I have the Garmin 310xt and the new Motorola Motoactv. They both work with the DuoTap, no problems.

Thanks


----------



## jtsk (Mar 6, 2002)

Works great with my Edge 500 on my Madone 6.9. I love the Doutrap. Its one of the innovative things that Trek has done that no other manufacturer has attempted (I think).


----------



## steve-o68 (Feb 20, 2012)

*Duo Trap Garmin 500 Help!*

Any tips on set up ? my HR monitor works and the Garmin says it is connected and Sensor ID shows up, but Cadence sensor doesn't appear to be working, Speed shows up on, but RPMs for cadence do not show on my display! Any that can help me?


----------



## kendal (Feb 1, 2010)

I would chk the magnet placement on the crank arm you need to get a red and green light on the duo rap. I forget which one is for what. I have my magnet set next to the pedal hole on the crank arm.


----------



## ktm526 (Feb 17, 2012)

Sorry for bringing back an old post but I am having the same problem with mine. Speed will show up but no cadence. The magnets are in the proper spot too. I've searched Garmin forums and can't find any info. Please help!


----------



## cxwrench (Nov 9, 2004)

red light for speed (lights up when the wheel magnet passes sensor) and green light for cadence (lights up when crank arm magnet passes sensor). garmin should be pick it up no problem, works on mine. go to---
settings
bike settings
bike 1
ant+ spd/cad
enter 'yes'
then 'rescan'
done. should work then.


----------



## ktm526 (Feb 17, 2012)

Yup. Did all that and I got the lights. Only getting speed. I tried to rescan it multiple times with no luck.


----------



## cptlizardi (Feb 25, 2012)

KMT526, Hi, if you are referring to actually seeing the cadence at your garmin device screen I have that problem too, although I know the sensor is picking up the cadence signal as I can see the green light popping up on the sensor and can also see my cadence average and maximum cadence on my dashboard at garmin connect. So far it sucks as I have to wait until I upload to actually know my cadence....

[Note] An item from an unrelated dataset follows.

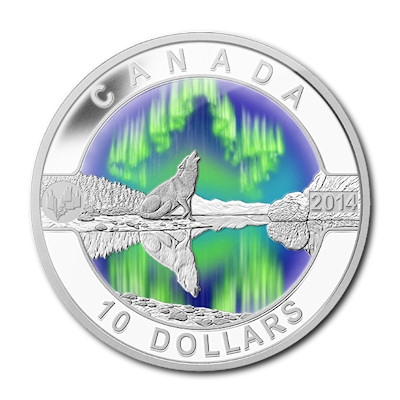 Eine besondere Ausgabe erwartet die Münzsammler in der Serie O Canada 2014 aus 1/2 oz Feinsilber: Die neunte Edition der beliebten Silbermünzen ist mit Farbapplikationen gestaltet. Sie zeigen den grün funkelnden Vorhang der Aurora borealis über einer arktischen Landschaft in Silber, wo ein einzelner Wolf in die Nacht heult. Insgesamt 40.000 dieser Sammlermünzen werden ausgegeben.

Anyone: Is there a way to actually show the cadence in the garmin device screen??? I have an Edge 500.... I also have the sensor located next to the pedal hole next to the crank arm. 


2011 Trek 2.3
2010 Trek 7.2FX


----------



## cptlizardi (Feb 25, 2012)

Found the solution, since the sensor is an additional item it is not defaulted on the screen, on my 500 I had to adjust the Field Views on Settings (page 37 of manual) and I can see my cadence on real time no problems.


----------



## ktm526 (Feb 17, 2012)

I moved my sensor closer to my pedal and it started picking up my Cadence. Although before it wouldn't even though the light was blinking green as the sensor passed.


----------



## cptlizardi (Feb 25, 2012)

Problem solved it appears!!


----------